• Aim of the task: From the records that follow, return exactly the lines beginning at the one that contains "Студенты и старшеклассники" and ending at the one that contains "Интересная особенность аккумуляторов", pictures left out.

• Data for this exercise:
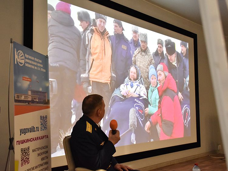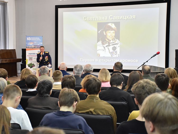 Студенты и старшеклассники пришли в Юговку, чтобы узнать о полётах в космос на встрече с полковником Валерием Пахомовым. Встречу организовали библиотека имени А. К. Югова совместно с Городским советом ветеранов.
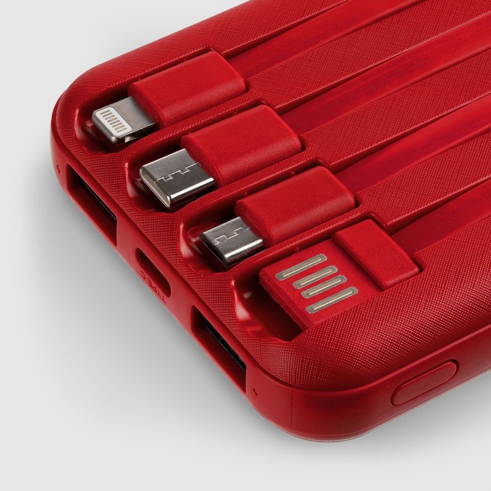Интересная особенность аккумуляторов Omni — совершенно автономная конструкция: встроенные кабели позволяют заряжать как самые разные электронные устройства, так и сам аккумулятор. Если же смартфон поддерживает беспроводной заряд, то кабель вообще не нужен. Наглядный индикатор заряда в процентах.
--
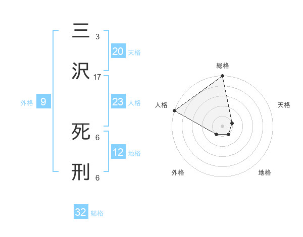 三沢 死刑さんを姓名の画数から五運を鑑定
* * *
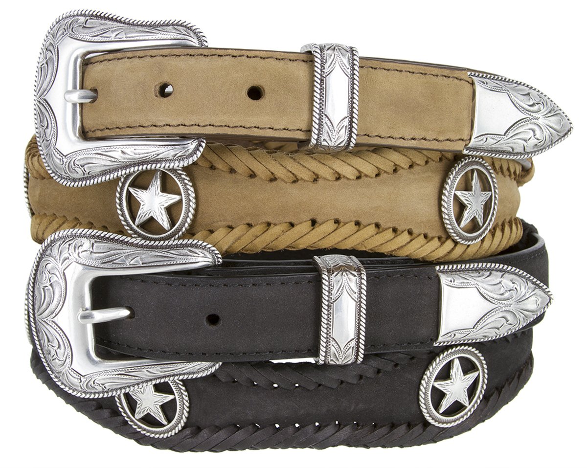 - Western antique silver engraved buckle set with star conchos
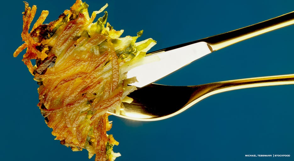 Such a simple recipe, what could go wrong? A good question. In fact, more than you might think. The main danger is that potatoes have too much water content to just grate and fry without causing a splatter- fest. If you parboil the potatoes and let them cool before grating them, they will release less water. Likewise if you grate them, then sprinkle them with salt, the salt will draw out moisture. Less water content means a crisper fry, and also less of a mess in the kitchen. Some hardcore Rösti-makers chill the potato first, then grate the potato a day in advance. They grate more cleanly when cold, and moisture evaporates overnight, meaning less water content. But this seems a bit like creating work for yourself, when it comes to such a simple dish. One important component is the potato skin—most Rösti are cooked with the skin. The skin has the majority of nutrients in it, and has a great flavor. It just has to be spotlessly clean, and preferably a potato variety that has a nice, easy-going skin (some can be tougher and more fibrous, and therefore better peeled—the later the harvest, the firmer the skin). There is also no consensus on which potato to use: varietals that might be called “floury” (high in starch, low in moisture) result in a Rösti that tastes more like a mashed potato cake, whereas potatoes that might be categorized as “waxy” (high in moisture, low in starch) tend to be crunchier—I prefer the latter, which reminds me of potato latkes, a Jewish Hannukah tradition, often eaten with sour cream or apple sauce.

• The completed task:
 Студенты и старшеклассники пришли в Юговку, чтобы узнать о полётах в космос на встрече с полковником Валерием Пахомовым. Встречу организовали библиотека имени А. К. Югова совместно с Городским советом ветеранов.
Интересная особенность аккумуляторов Omni — совершенно автономная конструкция: встроенные кабели позволяют заряжать как самые разные электронные устройства, так и сам аккумулятор. Если же смартфон поддерживает беспроводной заряд, то кабель вообще не нужен. Наглядный индикатор заряда в процентах.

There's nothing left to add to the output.